I find myself listening to a lot of the same CDs I was listening to right before I left. Scissor Sisters primarily. That's a strange thing -- I mean I think they are a painfully brilliant and funny band, but the associations are so specific for me -- that album is like a week of fantasy utterly not tied into any other aspect of my fantasy life -- like an utter flash in the pan celebrity crush that got a weird fantasy narrative involving being in Oz grafted onto it. Strange and no idea why. But I can't hear a few tracks off that disk without remembering sitting in my office daydreaming about it. It makes me giggle. And it makes me miss Sydney.

What's interesting to me is what was important to me going down there, and what turned out to be important, both in my real life and my fantasy life, varried and surprised me. Things that were a joke because quasi-serious (like directing), things I thought mattered (I really wanted to fuck an Aussie and didn't get to) totally didn't. And even my personal and petty pilgrimages wound up taking on very different shapes than I thought they would. There were lots of celebrity moments (Heath Ledger in sushi-e, and working with a whole bunch of people we've never heard of in America who are quite the gossip sheet items there and a strolling down the street thing I wound up choosing nevert to really talk about, for reasons I'm still unsure of). And NIDA was, of course, both exalting and utterly hellbent on making me cry.

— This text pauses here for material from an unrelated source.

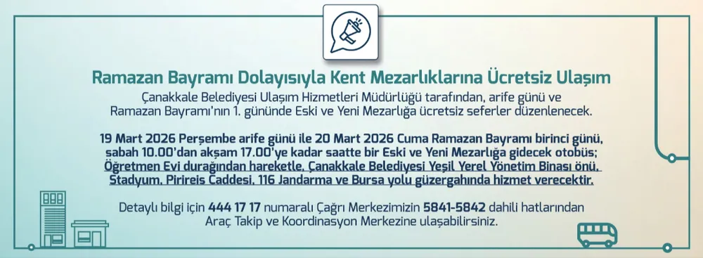 Çanakkale Belediyesi, arife günü ve bayramın birinci gününde Eski ve Yeni Mezarlık'a saatlik seferlerle ücretsiz ulaşım sağlayacak. Servisler, belirlenen güzergâhta 10.00-17.00 saatleri arasında hizmet verecek.

I miss the way food tastes there. I miss the Trop. And the Wall. And feeling uncomfortable out at Bondi and getting lost on the buses and the stupid ShittyRail transfer I was always making at Martin Place. I miss coconut ice, gay porn and 32-page notebooks for school from my favourite Darlinghurst newsstand. I miss looking in bar windows and wondering how I could be there and feel such things so weren't for me. I miss cantelope gelato. I miss ordering absinthe in restaurants and drinking champagne in the NIDA lobby. I miss my Macbeth, rehearsing in the NIDA courtyard and wrestling the prop knives he made from sticks in the bush behind his house out of his hands, while the children's program kids watched from the balcony and applauded. I really miss my daily sandwich from the over-priced NIDA cafe, being cut in line by eight-year-olds fighting over the last Cherry Ripe, and the aesthetic perfection of the two dollar coin. I miss the Opera House and the wind and my science fiction city, San Bennedetto lemon soda, sausage rolls and being so far away from everything such that it didn't feel dissimilar to the isolation of being twelve and not ever listening to any of the music on the radio. I miss the time I fell down the stairs and all of us being assholes in McDonalds while I explained our fries taste different in the States. I miss bills just after dawn, and the way my striding up to Oxford street clicking my heels to The One You Want at 8am felt nearly the same as being alone in New Orleans ten years ago at night, waiting for some dark childhood fantasy destiny to find me and hurt me and make me perfect.

I blinked back tears nearly constantly in Sydney; the quality of the light is different there and seems to insist on making everything matter, especially the stuff you want to think is petty and wish you had the balls to admit to another living soul.

When you live in New York City, you rarely look up, except at night, and alone. And when I came back, I looked up during the day much more and figured out how to squint to see my lost world, to reverse the angle of the light, to recognize a place that has a very different relationship than New York to modernity and all its materials.